◆ **TO DO**:
Return all of the listing word for word; the pictures stay out.

◆ **PROVIDED DATA**:
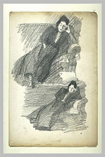 Double étude d'une femme assise sur un canapé, la tête appuyée sur sa main
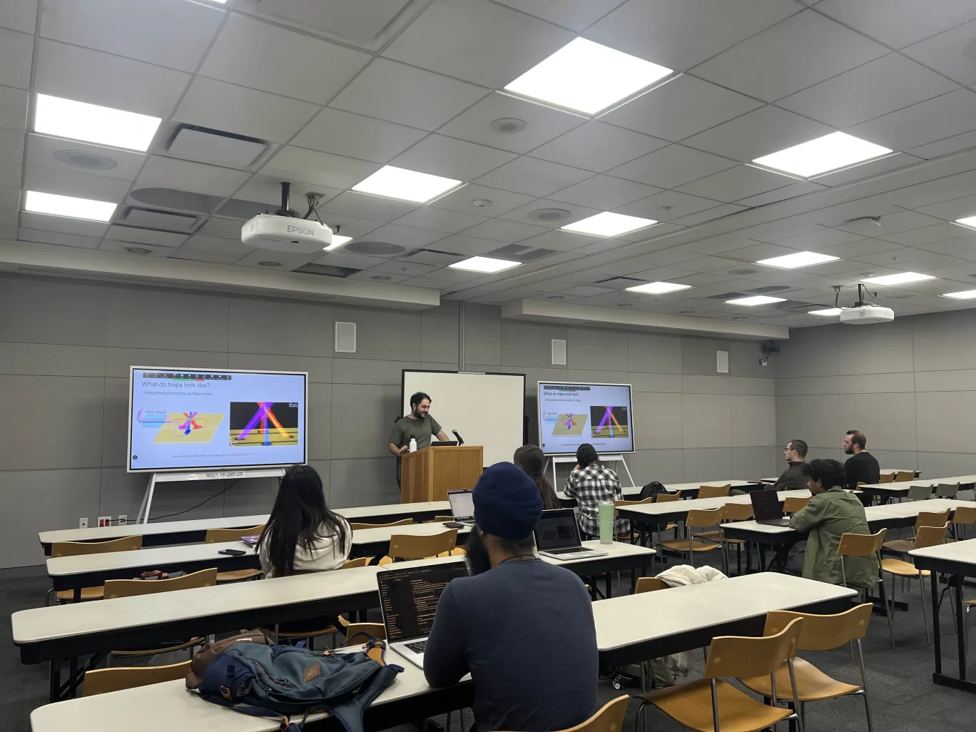 First SQE seminar of the semester — Dr. Droster discussed his work using quantum sensors for dark matter detection.
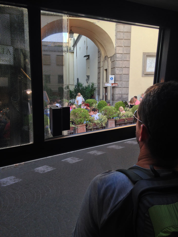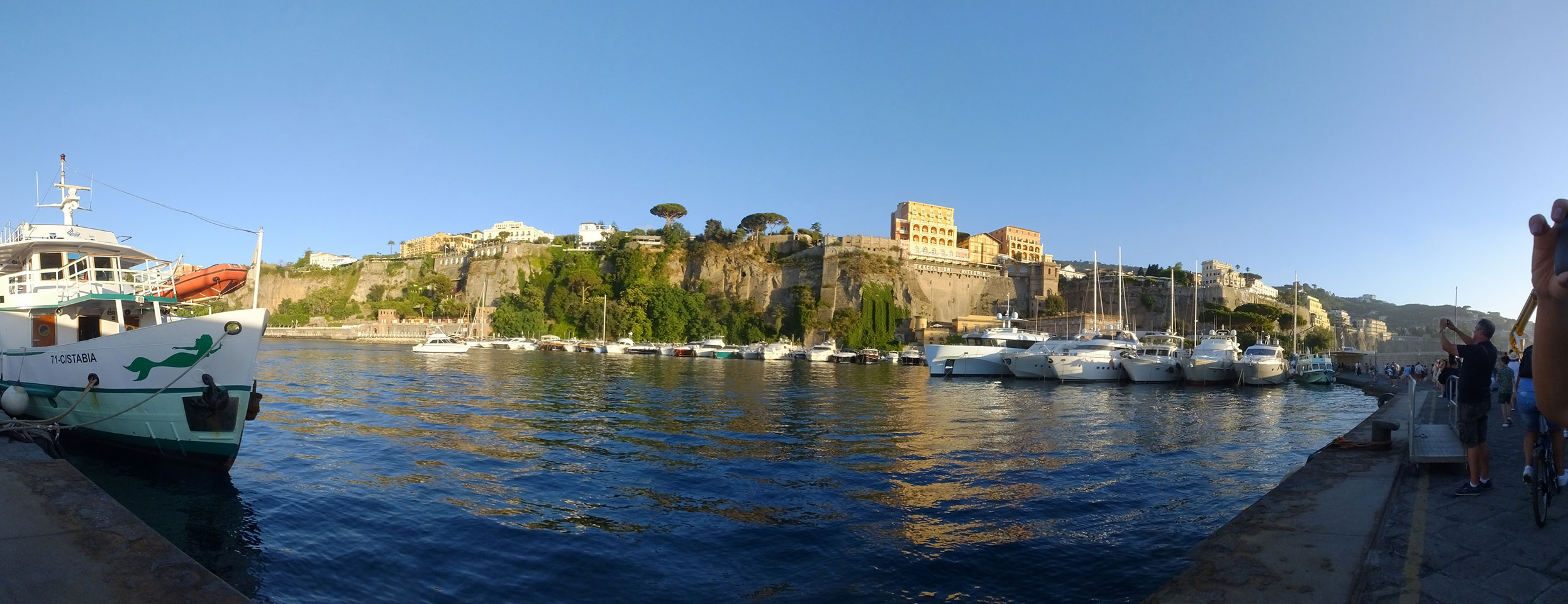 Die Fähre nach Sorrento war ebenfalls voll. Meine Photokünste wurden hart kritisiert. Da bin ich doch empfindlich, wenn jemand andere Bildaufteilungen will. Wieauchimmer, wir kamen in Sorrento an, schnappten einen Bus und fanden das Hotel. Für knapp €100 echt teuer hier aber was will man machen. Nur eine Nacht war frei – morgen, morgen müssen wir uns was neues suchen.

◆ **FINISHED TASK**:
 Double étude d'une femme assise sur un canapé, la tête appuyée sur sa main
 First SQE seminar of the semester — Dr. Droster discussed his work using quantum sensors for dark matter detection.
 Die Fähre nach Sorrento war ebenfalls voll. Meine Photokünste wurden hart kritisiert. Da bin ich doch empfindlich, wenn jemand andere Bildaufteilungen will. Wieauchimmer, wir kamen in Sorrento an, schnappten einen Bus und fanden das Hotel. Für knapp €100 echt teuer hier aber was will man machen. Nur eine Nacht war frei – morgen, morgen müssen wir uns was neues suchen.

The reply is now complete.